It’s a sickening benchmark to behold, and yet it represents only a fraction of an overall speculation and trafficking marketplace in-progress for FM spectrum ostensibly for noncommercial use.
Here is where our story left off last: Radio Assist Ministry and Edgewater Broadcasting (which are actually one and the same) filed more than 4,000 FM translator construction permit applications during a 2003 FCC filing window for new FM translator stations. In less than two years RAM/EB booked more than $800,000 in revenue by selling batches of translator construction permits to evangelistic mega-churches in the South and West (although a host of smaller transactions also took place).
These churches, in effect, bought permission to build state-wide or regional networks through speculators who snapped up the permits en masse, just for this very purpose.

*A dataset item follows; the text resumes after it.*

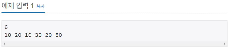 문제에서 보았듯이, {10, 20, 10, 30, 20, 50} 이 있다면 {10, 20, 30, 50}이 정답이라고 볼 수 있다.

Now, RAM/EB is billing well into the seven figures after booking several new deals with its biggest clients. According to REC Networks’ Traffick Report:
1. On August 2, 2005 the FCC approved the sale of an FM translator construction permit to serve Dunnellon, Florida from Edgewater Broadcasting to Reach Communications (otherwise known as Calvary Chapel of Fort Lauderdale) for $6,000.
2. On October 21, Reach bought five more translator construction permits in Florida from Edgewater for $80,000.
3. Three days later, Radio Assist Ministry sold Reach another 17 translator permits in Florida for a cool $234,000.
This is on top of more than $325,000 worth of FM spectrum throughout Florida that Reach Communications had previously purchased from RAM/EB. Cumulatively, RAM/EB has done more than $650,000 in business with Calvary Chapel of Fort Lauderdale alone.
On January 10 of this year, two more notable deals went down:
1. Edgewater Broadcasting closed on the sale of four translator permits to Horizon Christian Fellowship of San Diego, California. Horizon is a variant of the Calvary Chapel “brand” of evangelist Christianity and represents RAM/EB’s second biggest customer: Horizon purchased $219,000 worth of FM spectrum in California and Washington state in 2004. These new construction permits are also for towns in Washington. Cumulative sale price: $24,000.
2. Radio Assist Ministry also sold five translators to Horizon in three states – California, Idaho, and Washington – for $28,000.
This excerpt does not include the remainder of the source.